Alan Yuhas
In 1492 Christopher Columbus got lost, followed some birds and wound
up on some islands he’d never been to before. He came up with a plot to enslave some of the people
he met there, went home and staked a claim that would be contested by
Vikings and Bristolians and the Turkish president: he called dibs on
America.
The idea that any group discovered a supercontinent inhabited by
thousands of native people for well over 10,000 years has long been
pilloried, but that did not deter the Turkish president, Recep Tayyip
Erdoğan. On Sunday, he said that Muslims probably discovered the Americas before Columbus.
“Muslim sailors reached the American continent 314 years before Columbus, in 1178,” Erdoğan said at a gathering in Istanbul of Muslim leaders from Latin America. “In his memoirs, Christopher Columbus mentions the existence of a mosque atop a hill on the coast of Cuba.” Erdoğan added that he would like to see a mosque on that hilltop, too, but didn’t mention what Cubans might think of that.
That “mosque” in Columbus’ memoirs was almost certainly a metaphor:
Chris saw a large and memorable bit of geography and waxed eloquent; a
turn of phrase like this during the renaissance evoked something
majestic and exotic, and Columbus was a man who liked frills.
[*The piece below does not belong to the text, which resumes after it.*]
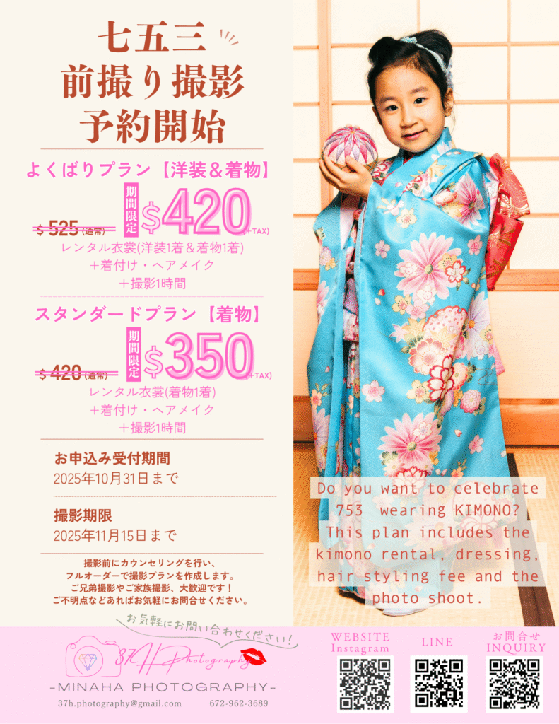 さて、本日より 七五三早撮りキャンペーン2025の撮影予約受付を開始致します!

There is no archaeological evidence of Islam in the Americas before Columbus’s arrival, and though a 10th century historian
tells the story of a Muslim navigator who returned from a western
“unknown territory” with marvelous treasures, complete with a map
showing a vague outline of a western coast shrouded in fog, the tale
does not mean Muslim merchants beat Columbus.
As the Washington Post’s Ishaan Tharoor points out, Erdoğan is probably alluding to the work of one controversial semi-academic, Youssef Mroueh, who takes the mosque literally and suggests that indigenous peoples’ words have Arabic etymologies.
Vikings
are usually called the first Old Worlders to reach western shores. Erik
the Red and his father, who were respectively exiled from Iceland and
Norway for murders, reached Greenland. In 985 Erik took about 500
people, with farm animals and supplies, to settle Greenland, and his son
Leif Eriksson returned a few years later, when the region had some
1,000 settlers. Vikings told a saga about Leif’s westward adventures,
but it wasn’t until 1960 that archaeologists found evidence – halls,
peat houses, ironwork – of 11th century Vikings at L’Anse aux Meadows and Baffin Island in Canada.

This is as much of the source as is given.